§ **About this task**
An exact transcription is needed of the lines below from the one with "鹽池縣灘羊生態(tài)牧場養(yǎng)殖的灘羊。新華社記者張瀚暘 攝" through the one with "Tại khu du lịch, Quý", with no other lines and no pictures.
---------- Supplied records ----------
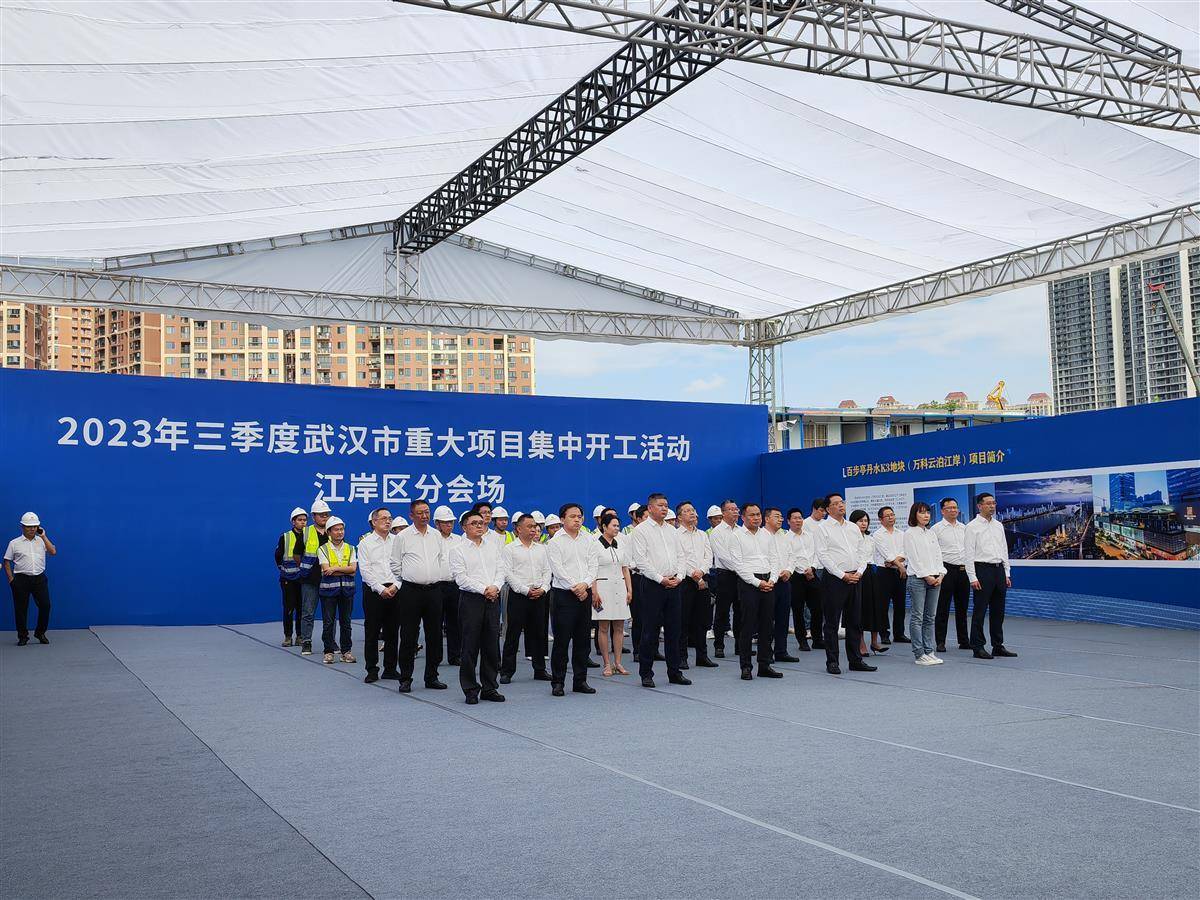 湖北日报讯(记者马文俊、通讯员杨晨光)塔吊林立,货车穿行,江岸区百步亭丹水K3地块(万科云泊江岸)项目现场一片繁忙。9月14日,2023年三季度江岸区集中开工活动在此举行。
----------
---------- Supplied records ----------
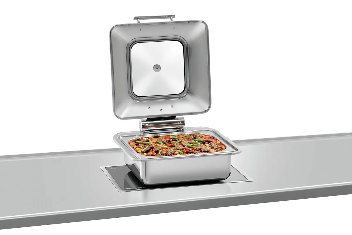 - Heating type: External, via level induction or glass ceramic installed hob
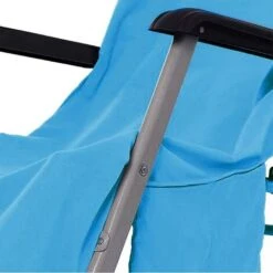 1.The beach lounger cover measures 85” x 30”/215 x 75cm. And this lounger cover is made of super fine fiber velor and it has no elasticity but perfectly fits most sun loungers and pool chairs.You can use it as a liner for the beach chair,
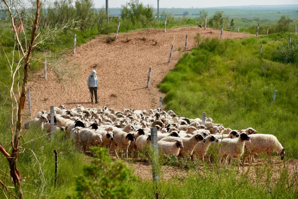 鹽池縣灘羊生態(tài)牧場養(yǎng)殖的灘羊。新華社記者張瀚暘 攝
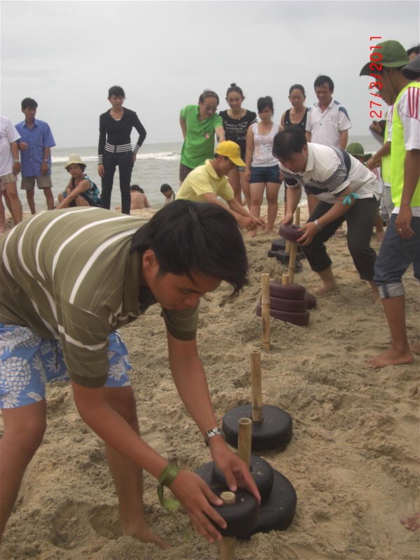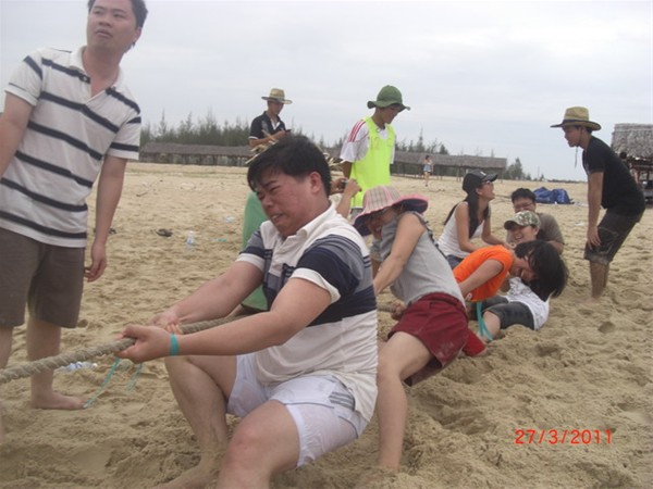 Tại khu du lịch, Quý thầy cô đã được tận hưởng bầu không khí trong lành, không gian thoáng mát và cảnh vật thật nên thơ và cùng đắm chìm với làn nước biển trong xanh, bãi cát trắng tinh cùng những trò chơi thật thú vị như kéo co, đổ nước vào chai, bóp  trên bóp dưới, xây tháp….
----------
§ **Task result**
 鹽池縣灘羊生態(tài)牧場養(yǎng)殖的灘羊。新華社記者張瀚暘 攝
 Tại khu du lịch, Quý thầy cô đã được tận hưởng bầu không khí trong lành, không gian thoáng mát và cảnh vật thật nên thơ và cùng đắm chìm với làn nước biển trong xanh, bãi cát trắng tinh cùng những trò chơi thật thú vị như kéo co, đổ nước vào chai, bóp  trên bóp dưới, xây tháp….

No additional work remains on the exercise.